El reloj que marcaba la pubertad

El primer reloj significaba una nueva etapa, el primer paso hacia la adolescencia

Alumnos del colegio de la Salle en 1962. Solo uno llevaba un reloj de pulsera en la muñeca.
Alumnos del colegio de la Salle en 1962. Solo uno llevaba un reloj de pulsera en la muñeca.
Eduardo de Vicente
20:00 • 23 may. 2023

Había regalos que te marcaban, que te dejaban una huella para toda la vida y pasaban a formar parte de tu inventario sentimental. Todos tuvimos algún juguete que nos llegó al alma y que lo llevamos colgado en el árbol de los recuerdos que nunca se olvidan.



En mi lista de juguetes eternos está un castillo medieval, perfectamente tallado, que le pusieron a mi hermano mayor en  una mañana de Reyes. Recuerdo la impresión que nos llevamos cuando al abrir los ojos y encender la luz de la bombilla del dormitorio, descubrimos sobre la mesa que mis padres habilitaban para los regalos, aquella impresionante fortaleza con sus almenas y sus torres custodiadas por soldados. Tenía una puerta levadiza con cadenas y en la torre más alta se asomaba una bandera con una gran cruz cristiana.

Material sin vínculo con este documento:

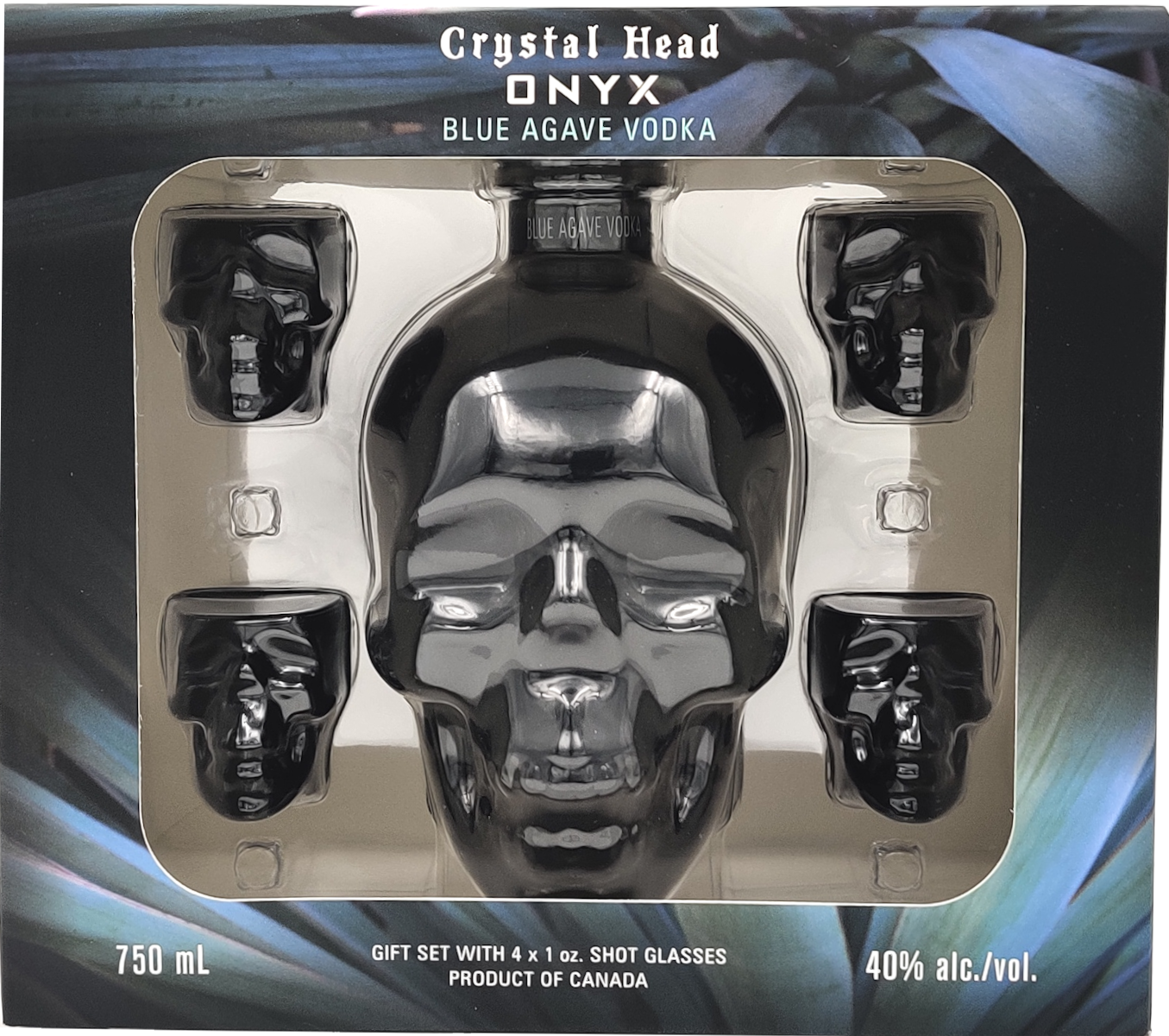 "Comes in a glossy black bottle with a matching crest debossed cap, a reference of the warrior crystal: Onyx. Made with Blue Weber Agave sourced from a single farm in Mexico, Onyx is blended with water from Newfoundland, Canada, and filtered through over 10,000 Herkimer diamonds, giving the final product a clean and semi-sweet finish. It does not contain any oils, sugars or additives. " Tasting Notes Gift set includes one 750ml bottle and four skull shot glasses.

El castillo fue el símbolo de nuestra infancia y cada mañana de Reyes, año tras año, volvía a aparecer ante nuestros ojos, renovado con más defensores y asediado por más guerreros musulmanes que jamás consiguieron conquistarlo.



En esa lista de regalos que pasaron a formar parte de nuestras emociones, hay un sitio especial que solo le pertenece al primer reloj de pulsera que tuvimos. El primer reloj no era un juguete, ni un regalo más del que te olvidabas una semana después. El primer reloj significaba una nueva etapa, un primer paso hacia ese territorio de la adolescencia al que muchos no queríamos llegar. 

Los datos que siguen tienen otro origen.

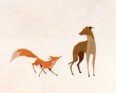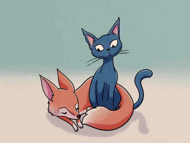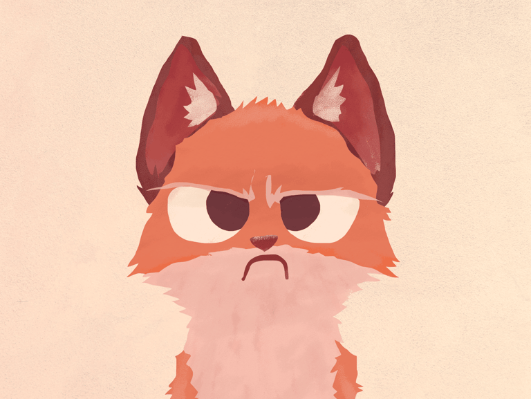 A series of digital paintings depicting foxes with stark personalities, experimenting with different styles.

El primer reloj era un rito de iniciación a una nueva etapa de la vida, el primer punto y aparte de la infancia, una responsabilidad nueva que nos acercaba al mundo de los adultos. Ya no teníamos excusa para llegar tarde al almuerzo. Ya no podíamos utilizar la coartada de que no sabíamos la hora que era. El primer reloj nos ataba a las normas sin darnos cuenta y nos creaba un compromiso tan grande que no podría asegurar si éramos nosotros los que teníamos el reloj o más bien era el reloj el que nos poseía a nosotros.

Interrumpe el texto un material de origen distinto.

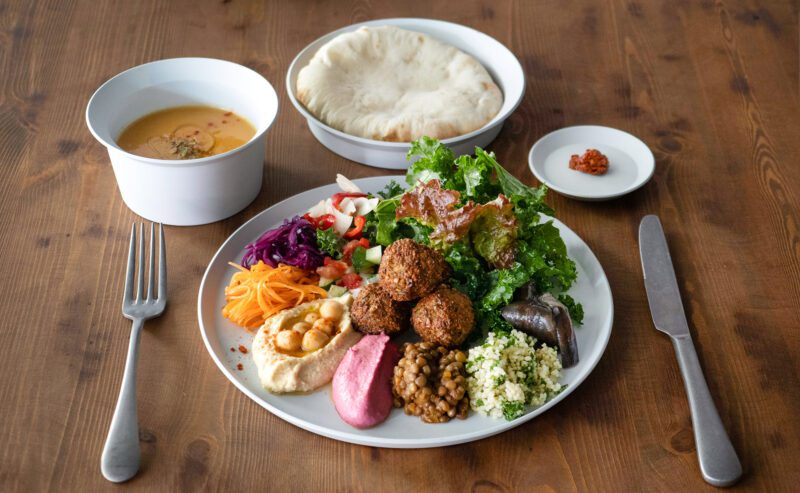 また、独立を決めてからの3年ほどは「DEAN & DELUCA 福岡」のデリカテッセンに入り、食材や異国料理への知識も深めたという二石さん。メニューにはこれまでの経験を活かし、“からだにやさしい”をテーマにした中東料理とデザートが揃います。ランチ・ディナー共に同じメニューを味わえるのも嬉しいポイント。まずは看板メニューの「ファラフェルと前菜プレート」(1,800円)をいただきました。

Cuando te compraban el primer reloj de alguna manera te estaban diciendo que ya no eras un niño de juguetes, que había llegado el momento de asumir responsabilidades, y en cierto modo, el reloj lo era porque te obligaba a cuidarlo como si fuera un tesoro y a cumplir a rajatabla con los horarios que se establecían en cada familia. 



El primer reloj solía ser un regalo tardío que llegaba en señal de recompensa. En la mayoría de las familias de clase media, allá por los años sesenta, el primer reloj venía cuando se acababa la edad escolar y se entraba al instituto. Las buenas notas en el boletín desembocaban muchas veces en ese primer reloj al que los niños idolatrábamos. Nos pasábamos el día mirando la hora y deseando que alguien nos preguntara por la calle la hora que era. Lo primero que hacíamos cuando nos despertábamos era abrir el cajón de la mesa de noche y recuperar el reloj que nos habíamos quitado de la muñeca para acostarnos. Íbamos a clase presumiendo de reloj y contándole a los compañeros lo orgullosos que estábamos de aquel aparato que según decía en la hoja de instrucciones era antichoque, podía mojarse sin problemas y era visible en la oscuridad. Estábamos tan atrapados por aquella maquinaria que siempre había algún adulto que nos decía aquello de “estás con el reloj como Geromo con la vaca”.



Yo soñé durante años con tener mi primer reloj y poder cronometrar los partidos de fútbol y las carreras en la calle. Un día, tras un largo periodo de insistencia, mis padres me dieron la noticia de que le habían encargado a un primo que me trajera un reloj de Melilla. En aquel tiempo, que alguien de la familia hiciera un viaje a Melilla era un gran acontecimiento que se vivía intensamente en las casas. Melilla era entonces como una gran factoría donde poder hacer realidad los sueños a un precio módico. Allí se podían encontrar los mejores transistores y los relojes de última generación mucho más baratos que en cualquier tienda de Almería. Mi primer reloj vino a bordo del ‘Vicente Puchol’ en una mañana de domingo inolvidable. Caí atrapado nada más verlo y era tanta la veneración que sentía por el aparato que solo me faltaba rezarle todas las noches antes de irme a dormir.


Como nos pasó a tantos adolescentes de aquel tiempo, nuestro primer reloj acabó en manos de uno de aquellos navajeros que en los años setenta nos asaltaban por la calle y se llevaban hasta el pañuelo.